It can be observed in Figure 19 that the infrared image shows a graph that is the most similar to the amount of power generation. The visible image tends to have a high value at sunrise time, which may be because it does not reflect the change in the sunrise time depending on the season. The visible image measures the intensity of sunlight reflected from the clouds and the ground; therefore, it is impossible to measure the intensity at night without sunlight, and only half of the image is photographed at sunrise and sunset; therefore, if the target area spans the area, the value is low. Consequently, it appears that the converted visible image value will always output high values. The cloud cover appears to correspond to changes in the amount of power generation; however, the correlation is unlikely to be high because the value fluctuates remarkably, and it is difficult to reflect the intensity of light.

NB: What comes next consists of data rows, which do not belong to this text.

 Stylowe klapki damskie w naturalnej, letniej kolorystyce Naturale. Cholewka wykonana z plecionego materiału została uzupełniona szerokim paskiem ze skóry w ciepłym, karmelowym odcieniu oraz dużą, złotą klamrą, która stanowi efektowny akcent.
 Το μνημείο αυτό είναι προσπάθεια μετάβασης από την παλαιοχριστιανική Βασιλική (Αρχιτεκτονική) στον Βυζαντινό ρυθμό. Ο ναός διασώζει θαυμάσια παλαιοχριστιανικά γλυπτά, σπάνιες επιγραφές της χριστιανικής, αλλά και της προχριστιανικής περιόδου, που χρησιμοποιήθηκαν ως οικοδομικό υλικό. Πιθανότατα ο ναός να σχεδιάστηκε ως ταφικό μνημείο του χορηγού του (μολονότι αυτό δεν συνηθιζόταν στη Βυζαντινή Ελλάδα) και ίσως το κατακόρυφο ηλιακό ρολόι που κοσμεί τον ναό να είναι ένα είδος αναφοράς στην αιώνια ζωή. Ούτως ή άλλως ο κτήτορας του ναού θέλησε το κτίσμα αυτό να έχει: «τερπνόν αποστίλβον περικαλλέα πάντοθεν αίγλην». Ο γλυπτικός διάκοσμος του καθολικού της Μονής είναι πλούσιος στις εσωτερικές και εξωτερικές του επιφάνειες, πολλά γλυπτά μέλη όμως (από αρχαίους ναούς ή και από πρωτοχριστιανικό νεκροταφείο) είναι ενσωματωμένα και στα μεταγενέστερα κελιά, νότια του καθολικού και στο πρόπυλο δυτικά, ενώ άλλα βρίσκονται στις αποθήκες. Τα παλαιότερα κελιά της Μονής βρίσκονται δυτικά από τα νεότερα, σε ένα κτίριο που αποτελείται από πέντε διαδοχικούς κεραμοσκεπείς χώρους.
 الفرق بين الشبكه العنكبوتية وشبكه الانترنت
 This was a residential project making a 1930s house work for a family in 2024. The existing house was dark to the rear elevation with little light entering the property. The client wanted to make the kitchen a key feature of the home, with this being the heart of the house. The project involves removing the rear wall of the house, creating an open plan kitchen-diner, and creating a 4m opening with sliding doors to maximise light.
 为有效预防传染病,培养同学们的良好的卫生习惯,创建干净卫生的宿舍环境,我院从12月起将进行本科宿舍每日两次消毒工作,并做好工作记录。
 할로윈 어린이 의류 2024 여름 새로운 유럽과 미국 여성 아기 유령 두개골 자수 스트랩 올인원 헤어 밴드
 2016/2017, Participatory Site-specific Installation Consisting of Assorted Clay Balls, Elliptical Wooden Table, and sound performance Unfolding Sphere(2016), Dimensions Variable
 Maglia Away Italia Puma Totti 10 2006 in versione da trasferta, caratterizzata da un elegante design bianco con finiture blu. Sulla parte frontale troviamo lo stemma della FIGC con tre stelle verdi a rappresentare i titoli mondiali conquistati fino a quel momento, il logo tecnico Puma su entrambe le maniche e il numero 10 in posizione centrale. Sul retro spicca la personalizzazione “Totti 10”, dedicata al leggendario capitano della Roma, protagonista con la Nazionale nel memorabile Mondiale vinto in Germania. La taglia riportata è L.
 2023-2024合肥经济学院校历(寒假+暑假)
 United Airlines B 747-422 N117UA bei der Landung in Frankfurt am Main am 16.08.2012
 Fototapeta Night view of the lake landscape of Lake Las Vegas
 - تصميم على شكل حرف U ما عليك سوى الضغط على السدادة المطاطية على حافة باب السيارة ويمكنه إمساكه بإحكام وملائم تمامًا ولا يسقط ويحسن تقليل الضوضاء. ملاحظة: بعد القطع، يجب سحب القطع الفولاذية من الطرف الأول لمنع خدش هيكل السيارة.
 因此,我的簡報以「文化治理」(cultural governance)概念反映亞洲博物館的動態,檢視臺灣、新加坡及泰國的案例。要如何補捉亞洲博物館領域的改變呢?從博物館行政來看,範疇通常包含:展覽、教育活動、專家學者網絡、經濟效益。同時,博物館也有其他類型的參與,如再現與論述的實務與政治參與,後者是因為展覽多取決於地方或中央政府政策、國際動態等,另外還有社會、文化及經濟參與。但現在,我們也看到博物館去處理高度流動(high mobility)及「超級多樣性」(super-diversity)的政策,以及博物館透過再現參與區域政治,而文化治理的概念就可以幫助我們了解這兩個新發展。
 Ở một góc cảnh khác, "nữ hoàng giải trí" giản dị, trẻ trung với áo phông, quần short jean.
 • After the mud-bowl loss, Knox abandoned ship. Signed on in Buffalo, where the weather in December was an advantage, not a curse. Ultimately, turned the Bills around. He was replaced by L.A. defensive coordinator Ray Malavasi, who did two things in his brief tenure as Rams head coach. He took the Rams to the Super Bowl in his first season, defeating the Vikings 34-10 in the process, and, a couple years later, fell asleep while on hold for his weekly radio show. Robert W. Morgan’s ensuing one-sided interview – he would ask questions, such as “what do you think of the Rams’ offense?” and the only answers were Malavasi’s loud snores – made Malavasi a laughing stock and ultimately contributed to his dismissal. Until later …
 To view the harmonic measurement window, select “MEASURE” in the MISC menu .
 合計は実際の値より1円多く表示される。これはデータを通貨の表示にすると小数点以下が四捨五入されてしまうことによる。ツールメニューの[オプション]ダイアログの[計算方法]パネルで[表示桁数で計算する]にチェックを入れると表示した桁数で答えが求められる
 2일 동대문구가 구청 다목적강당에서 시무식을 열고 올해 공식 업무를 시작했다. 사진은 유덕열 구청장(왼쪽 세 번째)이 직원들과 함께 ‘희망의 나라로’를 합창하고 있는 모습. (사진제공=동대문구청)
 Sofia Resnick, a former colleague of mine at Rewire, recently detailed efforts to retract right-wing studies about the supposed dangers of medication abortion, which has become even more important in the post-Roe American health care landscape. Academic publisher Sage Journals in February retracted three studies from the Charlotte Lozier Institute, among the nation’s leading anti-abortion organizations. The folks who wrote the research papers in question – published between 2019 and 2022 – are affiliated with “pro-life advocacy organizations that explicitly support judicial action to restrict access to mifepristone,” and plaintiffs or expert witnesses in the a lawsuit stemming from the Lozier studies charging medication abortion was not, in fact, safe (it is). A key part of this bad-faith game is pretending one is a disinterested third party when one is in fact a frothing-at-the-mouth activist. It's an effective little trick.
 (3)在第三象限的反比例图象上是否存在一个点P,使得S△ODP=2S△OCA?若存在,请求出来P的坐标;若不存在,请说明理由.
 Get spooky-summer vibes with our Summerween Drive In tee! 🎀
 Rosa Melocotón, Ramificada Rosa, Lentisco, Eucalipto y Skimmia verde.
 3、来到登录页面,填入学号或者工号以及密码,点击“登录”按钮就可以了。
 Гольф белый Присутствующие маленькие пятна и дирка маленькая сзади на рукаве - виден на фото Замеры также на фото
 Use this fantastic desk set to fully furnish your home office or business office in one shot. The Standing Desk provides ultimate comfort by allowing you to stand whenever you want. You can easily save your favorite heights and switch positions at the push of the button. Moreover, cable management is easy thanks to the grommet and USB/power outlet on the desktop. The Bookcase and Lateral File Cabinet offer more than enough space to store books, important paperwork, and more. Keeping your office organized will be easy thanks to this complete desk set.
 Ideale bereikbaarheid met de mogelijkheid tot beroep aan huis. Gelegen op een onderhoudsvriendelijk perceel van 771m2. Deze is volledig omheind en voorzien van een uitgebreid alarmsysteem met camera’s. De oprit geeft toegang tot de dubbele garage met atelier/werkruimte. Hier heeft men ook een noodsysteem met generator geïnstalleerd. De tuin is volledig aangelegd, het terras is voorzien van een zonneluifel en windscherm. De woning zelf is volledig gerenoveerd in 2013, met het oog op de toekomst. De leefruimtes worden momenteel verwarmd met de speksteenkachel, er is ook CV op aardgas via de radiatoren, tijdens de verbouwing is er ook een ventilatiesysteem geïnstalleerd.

Figure 20 presents the results of correlation analysis for the variables presented in the study. Excluding the amount of insolation, the method of extracting pixel values from infrared images was the most correlated with 0.6572, while the visible image was 0.6116, and the cloud measured at the measuring station was 0.5711. The variable with the highest correlation with insolation was infrared images, and the variables with the highest correlation between input variables were 0.8396 with infrared images and visible images.

As shown in the correlation analysis, the satellite images are similar to cloud cover, but have a higher correlation coefficient. When making actual predictions, the weather variables that the users can obtain through the Meteorological Administration or weather sites are the predictions of cloud cover and real-time satellite images. However, unlike satellite images, because the predicted value does not exist in the database, the experiment was conducted using the measured value instead of the predicted value.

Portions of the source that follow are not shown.